Start of DATASET CONTENT

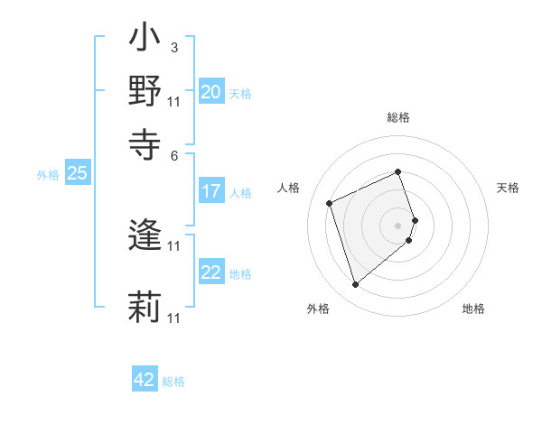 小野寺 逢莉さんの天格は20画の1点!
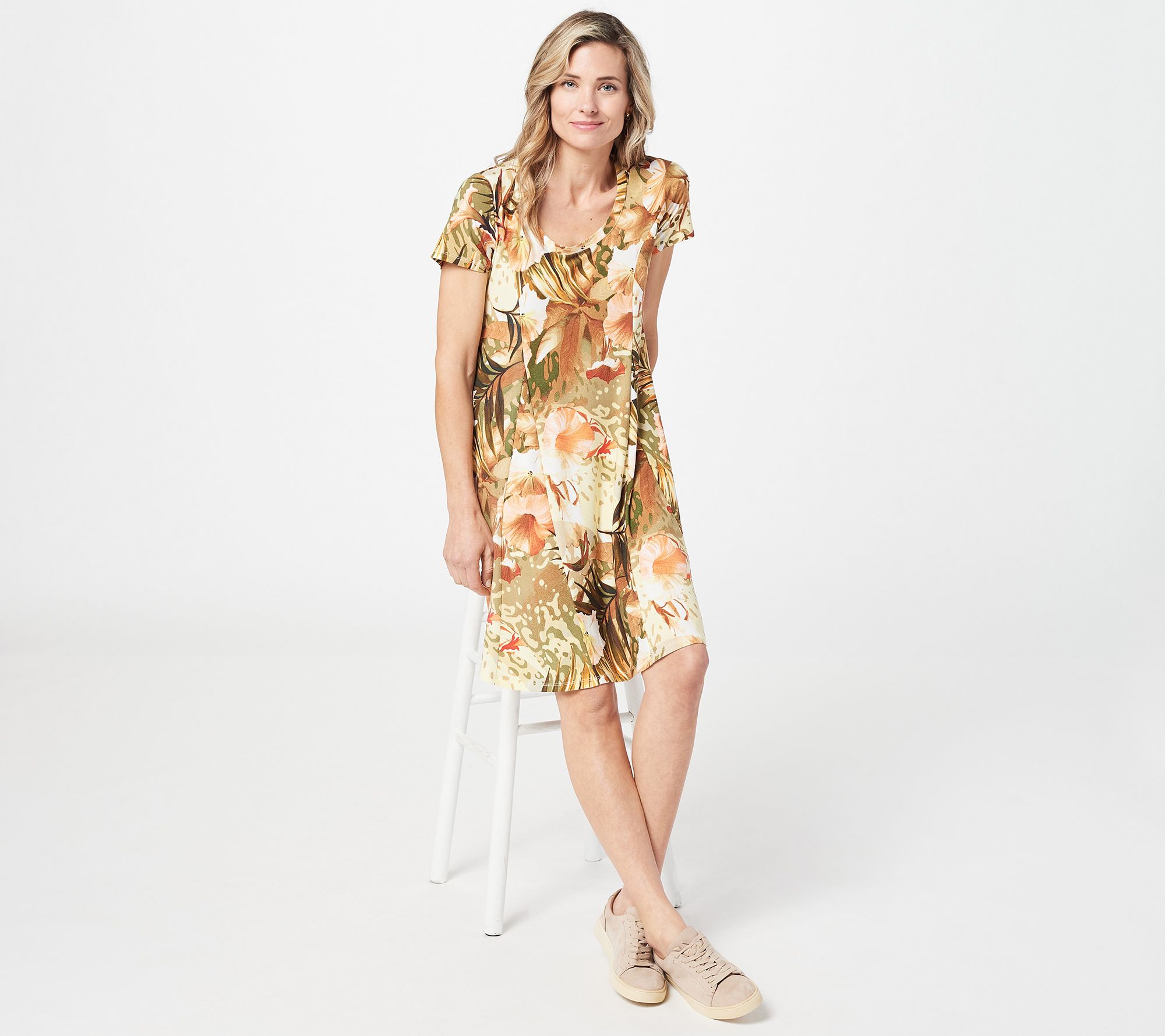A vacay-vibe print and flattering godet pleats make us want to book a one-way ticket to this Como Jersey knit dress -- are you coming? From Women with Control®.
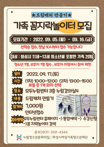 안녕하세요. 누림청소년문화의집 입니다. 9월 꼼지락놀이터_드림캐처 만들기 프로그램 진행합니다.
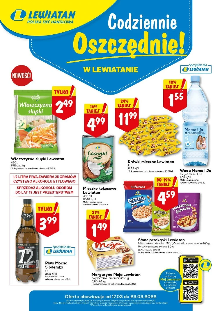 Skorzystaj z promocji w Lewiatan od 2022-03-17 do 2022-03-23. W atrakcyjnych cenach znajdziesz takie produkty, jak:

End of DATASET CONTENT

Set down the material again exactly. Don't carry over any pictures.

SOLVED EXERCISE:
 小野寺 逢莉さんの天格は20画の1点!
A vacay-vibe print and flattering godet pleats make us want to book a one-way ticket to this Como Jersey knit dress -- are you coming? From Women with Control®.
 안녕하세요. 누림청소년문화의집 입니다. 9월 꼼지락놀이터_드림캐처 만들기 프로그램 진행합니다.
 Skorzystaj z promocji w Lewiatan od 2022-03-17 do 2022-03-23. W atrakcyjnych cenach znajdziesz takie produkty, jak:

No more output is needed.